**TASK TO CARRY OUT**
With all images left out, restate the records below exactly as written.

--- DATA Enclosed Below ---

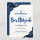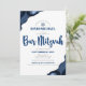 Bar Mitzvah Modern Simple Navy Blue Agate Script Invitation
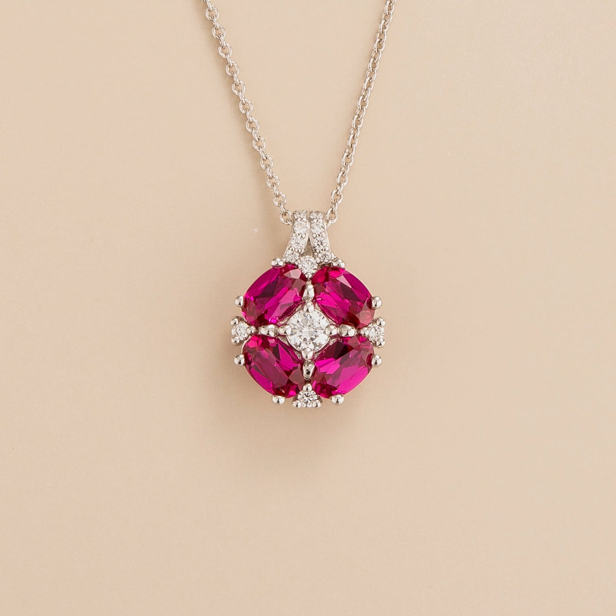 The Pristi White Gold Necklace by Juvetti is a stunning pendant necklace that combines elegance and brilliance. Crafted in 18K white gold vermeil, it is set with sparkling Diamonds and vibrant Rubies. The pendant comes on an adjustable chain and is designed to preserve its original brilliance over time.
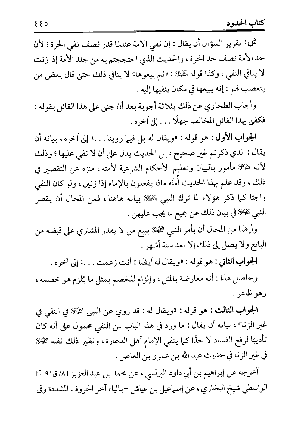 الجواب الأول: هو قوله: "ويقال له بل فيما روينا. . . ." إلى آخره، بيانه أن يقال: الذي ذكرتم غير صحيح، بل الحديث يدل على أن لا نفي عليها؛ وذلك لأنه -عليه السلام- مأمور بالبيان وتعليم الأحكام الشرعية لأمته، منزه عن التقصير في ذلك، وقد علم بهذا الحديث أُمتَّه ماذا يفعلون بالإماء إذا زنين، ولو كان النفي واجبًا كما ذكر هؤلاء لما ترك النبي -عليه السلام- بيانه هاهنا، فمن المحال أن يقصر النبي -عليه السلام- في بيان ذلك عن جميع ما يجب عليهن.
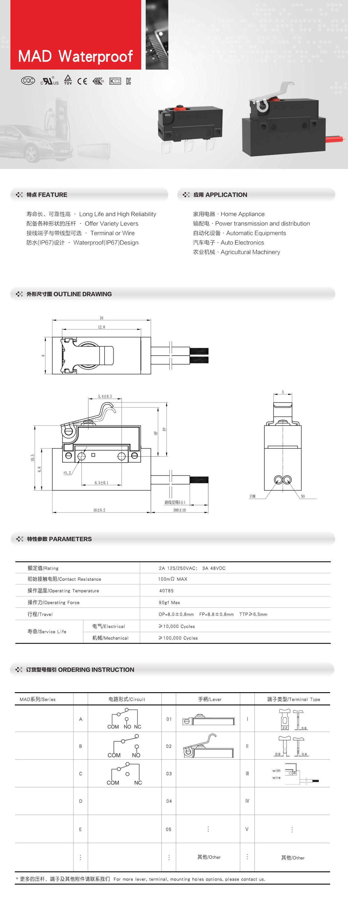 MAD系列 防水微动开关 Ⅰ型外壳 可焊线包塑
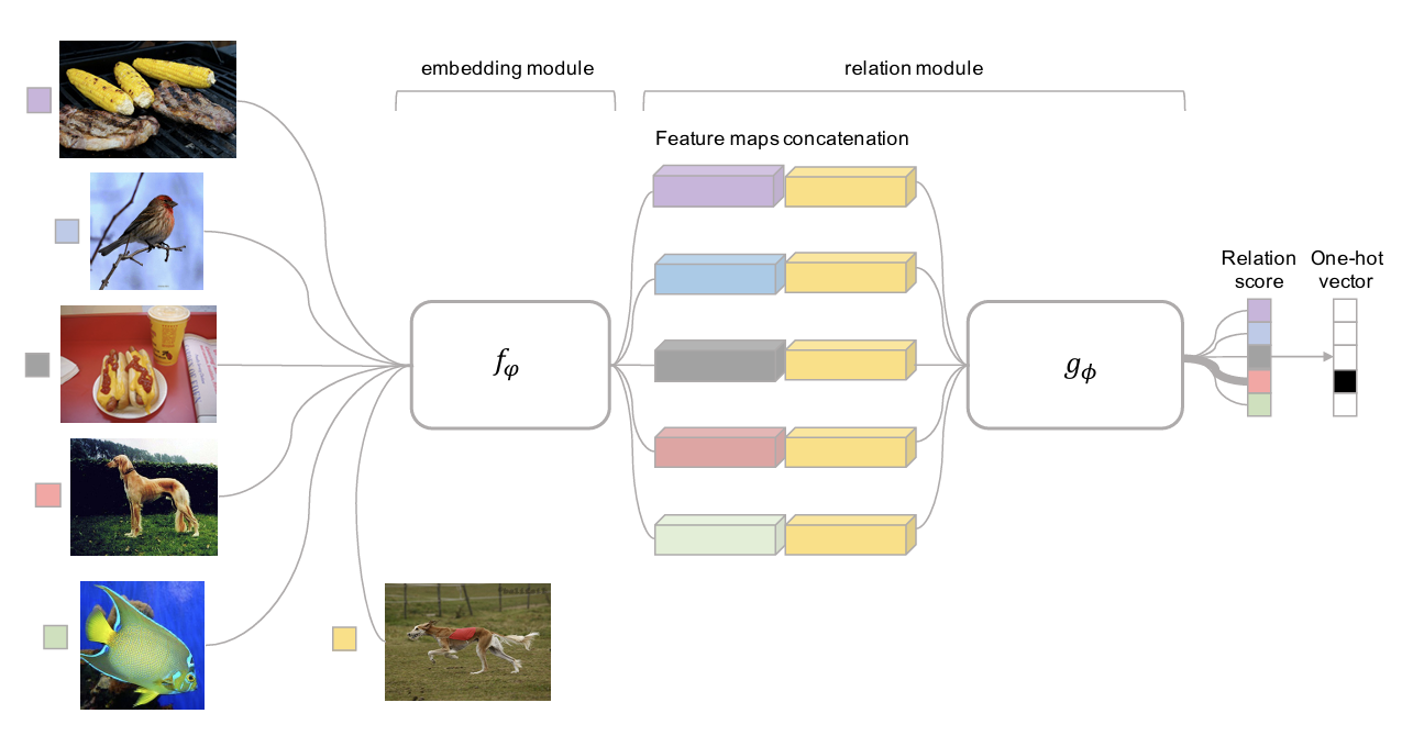 Figure 7 illustrates an architecture called Relation Networks, introduced in the paper by Sung et al. (2018), which is a method of training a neural network to perform the distance calculation process briefly mentioned earlier. Previous methods utilized predefined distance functions like \(\ell_2\) Distance or Cosine Similarity after embedding; however, in this case, it was difficult to accurately calculate the similarities between data points with complex relationships. To solve this, the paper first extracts the feature maps of the test data and training data through an embedding module (\(f_\phi\)) and then concatenates these feature maps. Afterwards, by feeding this output into the subsequent relation module (\(g_\phi\)), the model is designed to estimate the test data’s label based on the resulting Relation Score.
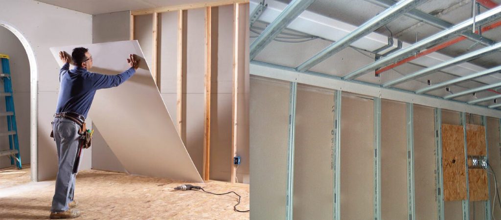 - Les plaques de plâtre sont placées verticalement, tandis que les bords doivent s'adapter exactement sur la bande. Ajustez les feuilles avec une légère pression.
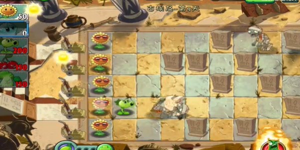 4、这一关需要保证充足的阳光,太阳花的占比要在一半左右,有的时候要作为盾牌来挡住攻击的。
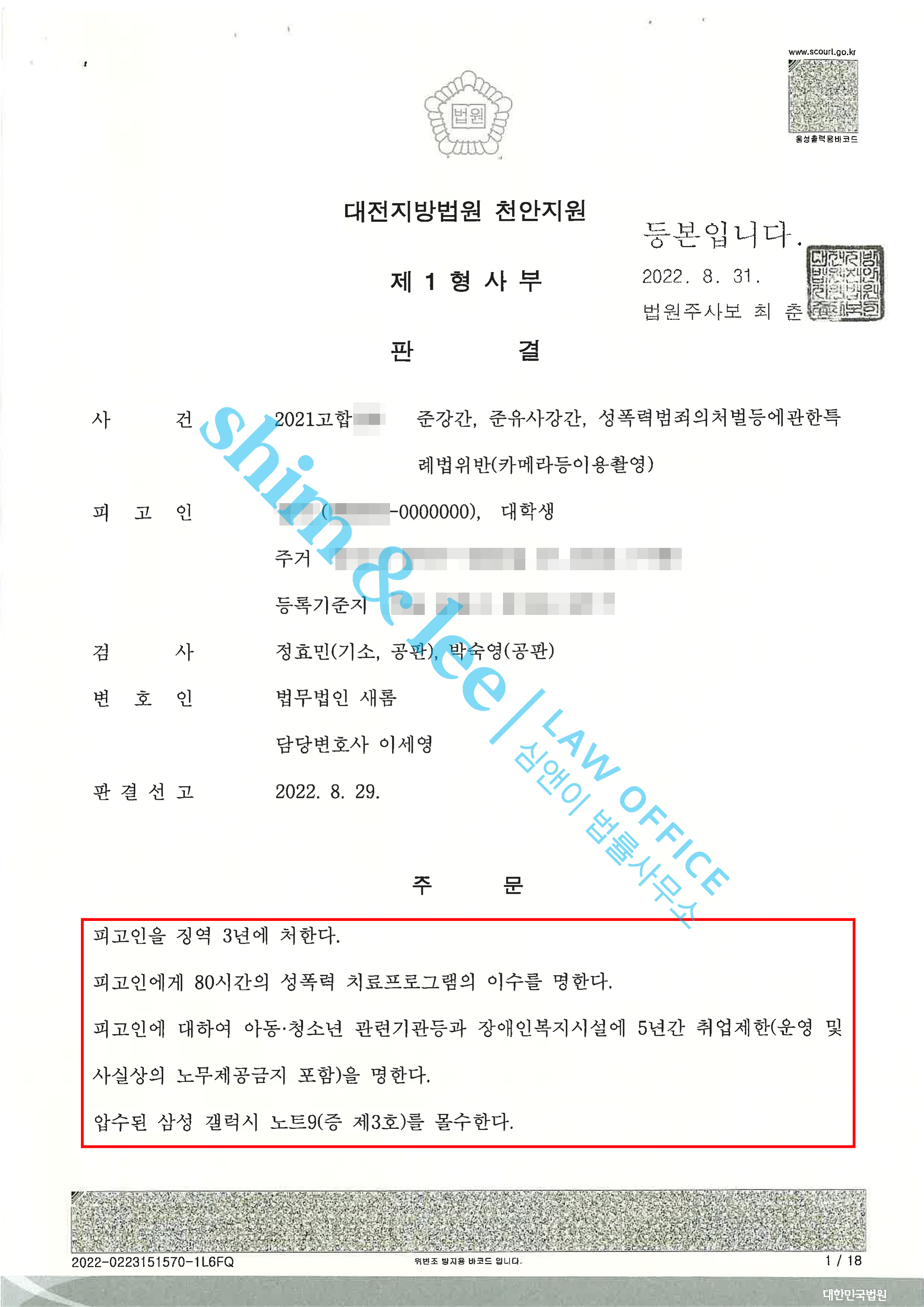 피해자는 소송이 진행되는 긴 시간을 견뎌내는 것이 쉽지는 않았지만 심앤이의 든든한 조력 덕분에 비로소 일상을 되찾을 수 있겠다며 기뻐하셨습니다.
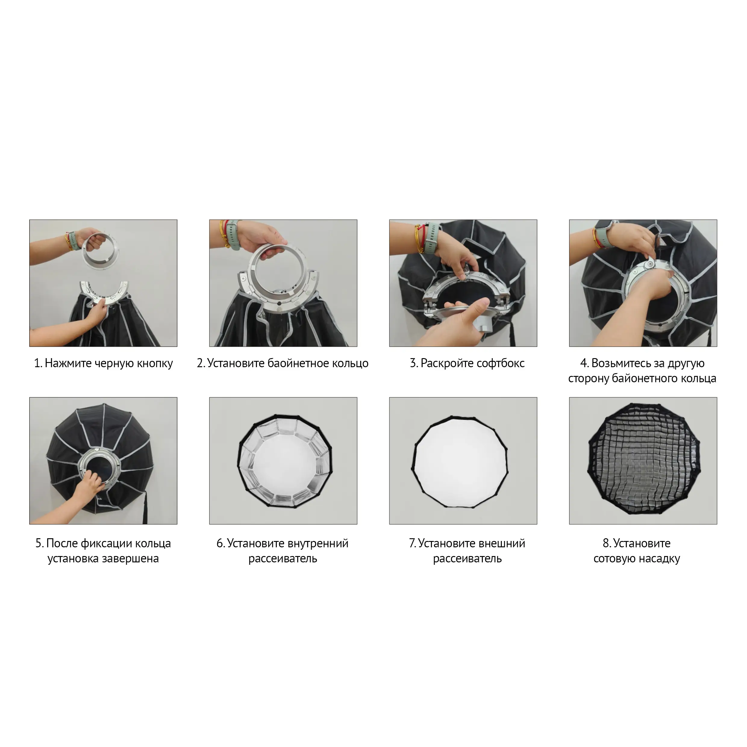 Глубокая параболическая 12-гранная конструкция формирует направленный, но мягкий пучок света. Двойной рассеиватель (внутренний + внешний) устраняет горячие точки и обеспечивает равномерность освещения по всей поверхности даже при близком расположении источника. Тканевая сотовая решетка сужает световой конус, минимизирует засветку фона и позволяет выделять объект без дополнительных флагов.
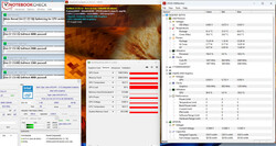 La prueba de estrés (Prime95 y Furmark funcionando durante al menos una hora) representa un escenario extremo para probar la estabilidad del sistema bajo carga completa. Al principio de la prueba, la CPU (3,4 GHz) y la GPU (1.250 MHz) alcanzan sus velocidades de reloj máximas. Mientras que la velocidad de reloj de la CPU baja a 1,4 GHz en el transcurso de la prueba, la velocidad de reloj de la GPU se estabiliza en 1.000 MHz.
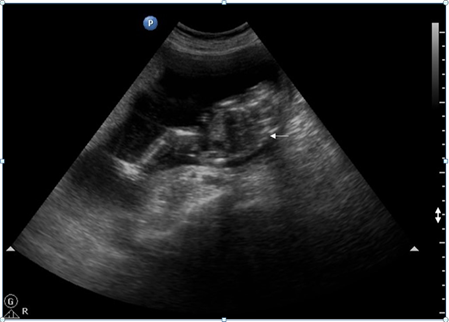 Figure 2,3 Trans-abdominal USG shows an abnormal fetus with grossly formed lower torso and lower limbs without any discernible visceral organs and an echogenic structure casting a distal acoustic shadow, probably representing the spine of the abnormal fetus (white arrow).
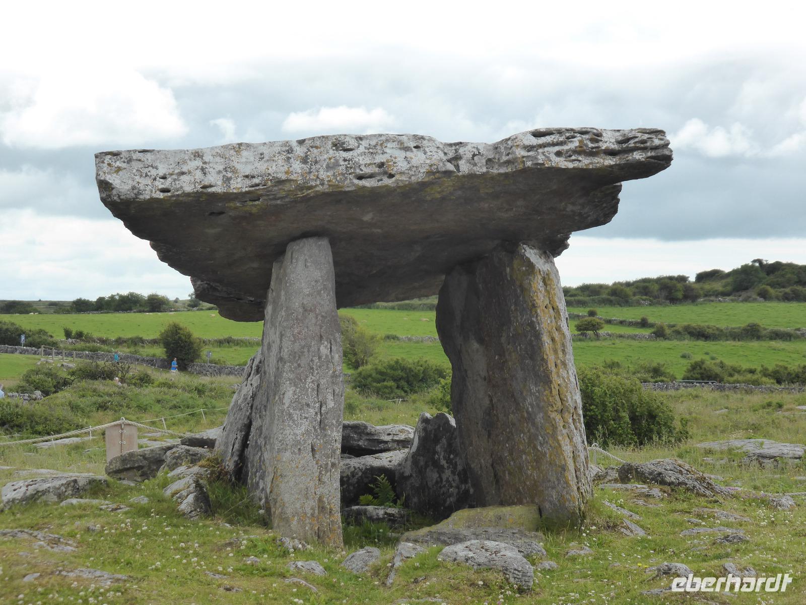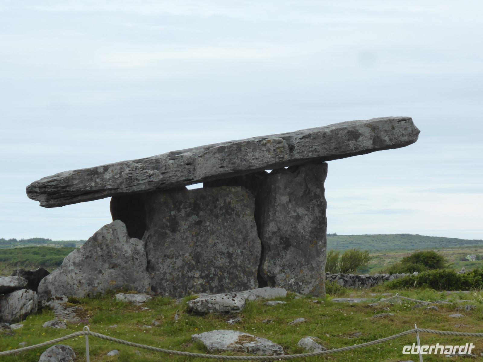 Einer der landschaftlichen Höhepunkte der Reise stand heute auf dem Programm. Zuerst durchquerten wir das Gebiet The Burren. Der Burren erinnert an einen riesigen Steingarten und gehört zu den schönsten natürlichen Felslandschaften Irland. Der Name ist aus dem irischen Wort bhoireann abgeleitet und bedeutet „steinig" - also eine treffende Bezeichnung. Obwohl vorchristliche Siedler die Erosion der Hügel und Kalksteinplateaus förderten, indem sie dort Vieh weiden ließen, konnten in den Felsspalten seltene Pflanzen die ökologischen Schäden überleben. Eine einzigartige Lebensgemeinschaft aus arktischen und mediterranen Pflanzen entwickelte sich nebeneinander. Das Gebiet ist übersät mit zahlreichen prähistorischen Zeugnissen, darunter befestigte Anwesen wie Ring Forts und Dolmen. Der Dolmen von Poulnabrone ist 5000 Jahre alt und diente als Begräbnisstätte. Über Lisdoonvarna bekannt durch den alljährlichen Heiratsmarkt erreichten wir die berühmten Klippen von Moher.
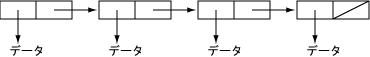 しかし、教科書では、上記の構造を「連結リスト」と呼び、 「リスト」という語を「データを線形に並べたもの」とか「一覧表」 などという意味で使用しているようです。混乱しないように注意して下さい。

--- End of Enclosed DATA ---

**REPLY TO THE EXERCISE**
 Bar Mitzvah Modern Simple Navy Blue Agate Script Invitation
 The Pristi White Gold Necklace by Juvetti is a stunning pendant necklace that combines elegance and brilliance. Crafted in 18K white gold vermeil, it is set with sparkling Diamonds and vibrant Rubies. The pendant comes on an adjustable chain and is designed to preserve its original brilliance over time.
 الجواب الأول: هو قوله: "ويقال له بل فيما روينا. . . ." إلى آخره، بيانه أن يقال: الذي ذكرتم غير صحيح، بل الحديث يدل على أن لا نفي عليها؛ وذلك لأنه -عليه السلام- مأمور بالبيان وتعليم الأحكام الشرعية لأمته، منزه عن التقصير في ذلك، وقد علم بهذا الحديث أُمتَّه ماذا يفعلون بالإماء إذا زنين، ولو كان النفي واجبًا كما ذكر هؤلاء لما ترك النبي -عليه السلام- بيانه هاهنا، فمن المحال أن يقصر النبي -عليه السلام- في بيان ذلك عن جميع ما يجب عليهن.
 MAD系列 防水微动开关 Ⅰ型外壳 可焊线包塑
 Figure 7 illustrates an architecture called Relation Networks, introduced in the paper by Sung et al. (2018), which is a method of training a neural network to perform the distance calculation process briefly mentioned earlier. Previous methods utilized predefined distance functions like \(\ell_2\) Distance or Cosine Similarity after embedding; however, in this case, it was difficult to accurately calculate the similarities between data points with complex relationships. To solve this, the paper first extracts the feature maps of the test data and training data through an embedding module (\(f_\phi\)) and then concatenates these feature maps. Afterwards, by feeding this output into the subsequent relation module (\(g_\phi\)), the model is designed to estimate the test data’s label based on the resulting Relation Score.
 - Les plaques de plâtre sont placées verticalement, tandis que les bords doivent s'adapter exactement sur la bande. Ajustez les feuilles avec une légère pression.
 4、这一关需要保证充足的阳光,太阳花的占比要在一半左右,有的时候要作为盾牌来挡住攻击的。
 피해자는 소송이 진행되는 긴 시간을 견뎌내는 것이 쉽지는 않았지만 심앤이의 든든한 조력 덕분에 비로소 일상을 되찾을 수 있겠다며 기뻐하셨습니다.
 Глубокая параболическая 12-гранная конструкция формирует направленный, но мягкий пучок света. Двойной рассеиватель (внутренний + внешний) устраняет горячие точки и обеспечивает равномерность освещения по всей поверхности даже при близком расположении источника. Тканевая сотовая решетка сужает световой конус, минимизирует засветку фона и позволяет выделять объект без дополнительных флагов.
 La prueba de estrés (Prime95 y Furmark funcionando durante al menos una hora) representa un escenario extremo para probar la estabilidad del sistema bajo carga completa. Al principio de la prueba, la CPU (3,4 GHz) y la GPU (1.250 MHz) alcanzan sus velocidades de reloj máximas. Mientras que la velocidad de reloj de la CPU baja a 1,4 GHz en el transcurso de la prueba, la velocidad de reloj de la GPU se estabiliza en 1.000 MHz.
 Figure 2,3 Trans-abdominal USG shows an abnormal fetus with grossly formed lower torso and lower limbs without any discernible visceral organs and an echogenic structure casting a distal acoustic shadow, probably representing the spine of the abnormal fetus (white arrow).
 Einer der landschaftlichen Höhepunkte der Reise stand heute auf dem Programm. Zuerst durchquerten wir das Gebiet The Burren. Der Burren erinnert an einen riesigen Steingarten und gehört zu den schönsten natürlichen Felslandschaften Irland. Der Name ist aus dem irischen Wort bhoireann abgeleitet und bedeutet „steinig" - also eine treffende Bezeichnung. Obwohl vorchristliche Siedler die Erosion der Hügel und Kalksteinplateaus förderten, indem sie dort Vieh weiden ließen, konnten in den Felsspalten seltene Pflanzen die ökologischen Schäden überleben. Eine einzigartige Lebensgemeinschaft aus arktischen und mediterranen Pflanzen entwickelte sich nebeneinander. Das Gebiet ist übersät mit zahlreichen prähistorischen Zeugnissen, darunter befestigte Anwesen wie Ring Forts und Dolmen. Der Dolmen von Poulnabrone ist 5000 Jahre alt und diente als Begräbnisstätte. Über Lisdoonvarna bekannt durch den alljährlichen Heiratsmarkt erreichten wir die berühmten Klippen von Moher.
 しかし、教科書では、上記の構造を「連結リスト」と呼び、 「リスト」という語を「データを線形に並べたもの」とか「一覧表」 などという意味で使用しているようです。混乱しないように注意して下さい。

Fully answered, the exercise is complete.